Lewis admired Dr. Martin Luther King, Jr. and credits him with inspiring him to public service. Lewis shared King’s sentiments on non-violence and would go on to be arrested and beaten in his commitment and efforts to protest Jim Crow laws of the South. In a peaceful protest from Selma to Montgomery, Ala., Lewis sustained a fractured skull at the hands of state troopers and local lawmen.

President Barack Obama awarded Lewis the Presidential Medal of Freedom in 2011 and called him the “conscience of the United States Congress” for his courage and commitment to justice and equality. Elected to Congress in 1986, Lewis served as a member of the U.S. House of Representatives from Georgia’s 5th district from Jan. 3, 1987 until his death on July 17, 2020.

Lewis authored several books, including Walking With the Wind: A Memoir of the Movement and Across That Bridge: Life Lessons and a Vision for Change and a graphic novel trilogy that chronicled his experiences and insights from the Civil Rights Movement. Lewis was also awarded the NAACP’s Spingarn Medal and the sole John F. Kennedy “Profile in Courage Award ” for Lifetime Achievement.

Below is a collection of Lewis’ sayings that convey the inspiration that fueled his fight for justice and equality and highlight the courage that drove his efforts to end racial segregation in America.

You must be bold, brave, and courageous and find a way… to get in the way.

I say to people today, ‘You must be prepared if you believe in something. If you believe in something, you have to go for it. As individuals, we may not live to see the end.’

I want to see young people in America feel the spirit of the 1960s and find a way to get in the way. To find a way to get in trouble. Good trouble, necessary trouble.

When you see something that is not right, not fair, not just, you have to speak up. You have to say something; you have to do something.

When growing up, I saw segregation. I saw racial discrimination. I saw those signs that said white men, colored men. White women, colored women. White waiting. And I didn’t like it.

My parents told me in the very beginning as a young child when I raised the question about segregation and racial discrimination, they told me not to get in the way, not to get in trouble, not to make any noise.

Now we have black and white elected officials working together. Today, we have gone beyond just passing laws. Now we have to create a sense that we are one community, one family. Really, we are the American family.

I was so inspired by Dr. King that in 1956, with some of my brothers and sisters and first cousins – I was only 16 years old – we went down to the public library trying to check out some books, and we were told by the librarian that the library was for whites only and not for colors. It was a public library.

When I was a student, I studied philosophy and religion. I talked about being patient. Some people say I was too hopeful, too optimistic, but you have to be optimistic just in keeping with the philosophy of non-violence.

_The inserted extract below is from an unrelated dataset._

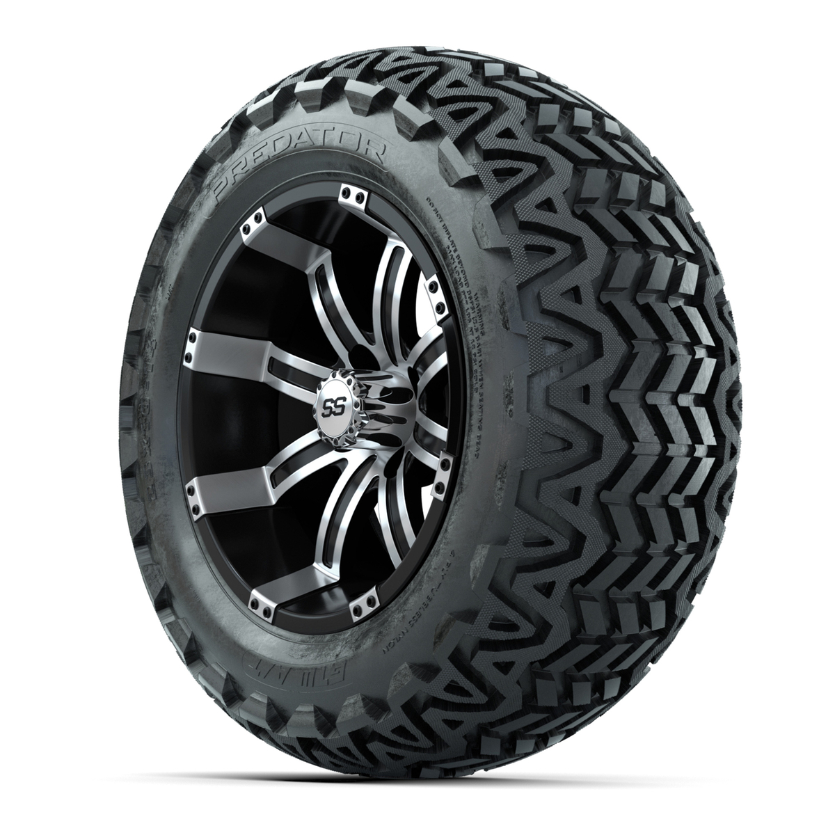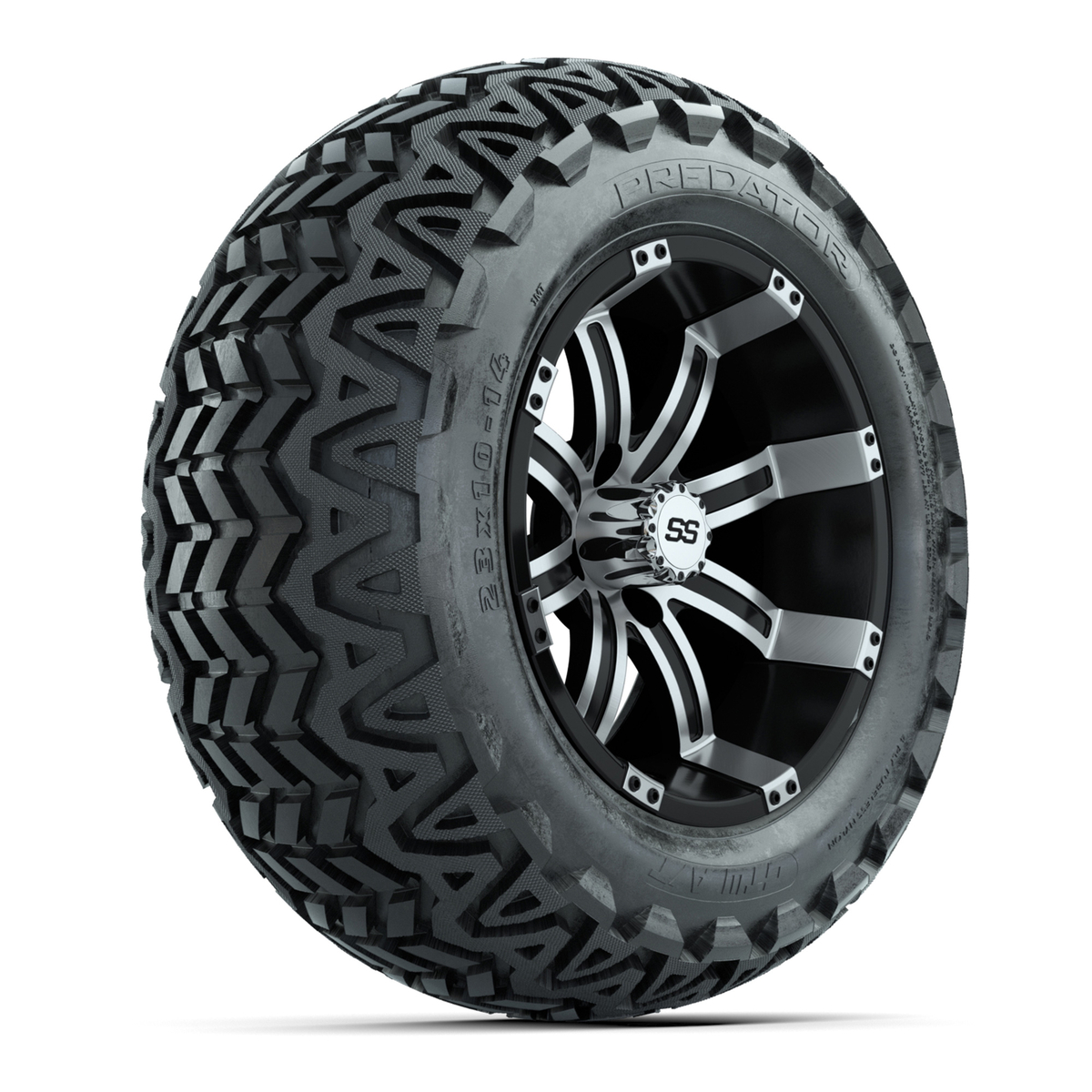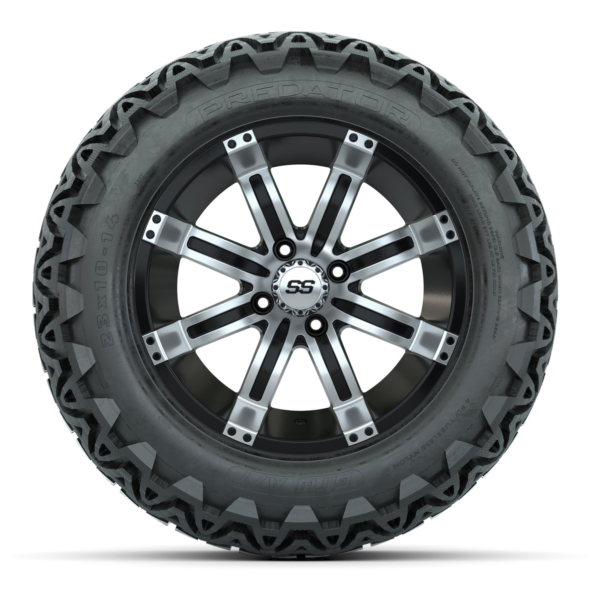 A set of (4) 14-inch Tempest Black/Machined lifted golf cart wheels on 23-inch A/T tires

The civil rights movement was based on faith. Many of us who were participants in this movement saw our involvement as an extension of our faith. We saw ourselves doing the work of the Almighty. Segregation and racial discrimination were not in keeping with our faith, so we had to do something.

To make it hard, to make it difficult almost impossible for people to cast a vote is not in keeping with the democratic process.

We are tired of being beaten by policemen. We are tired of seeing our people locked up in jails over and over again. And then you holler, ‘Be patient.’ How long can we be patient?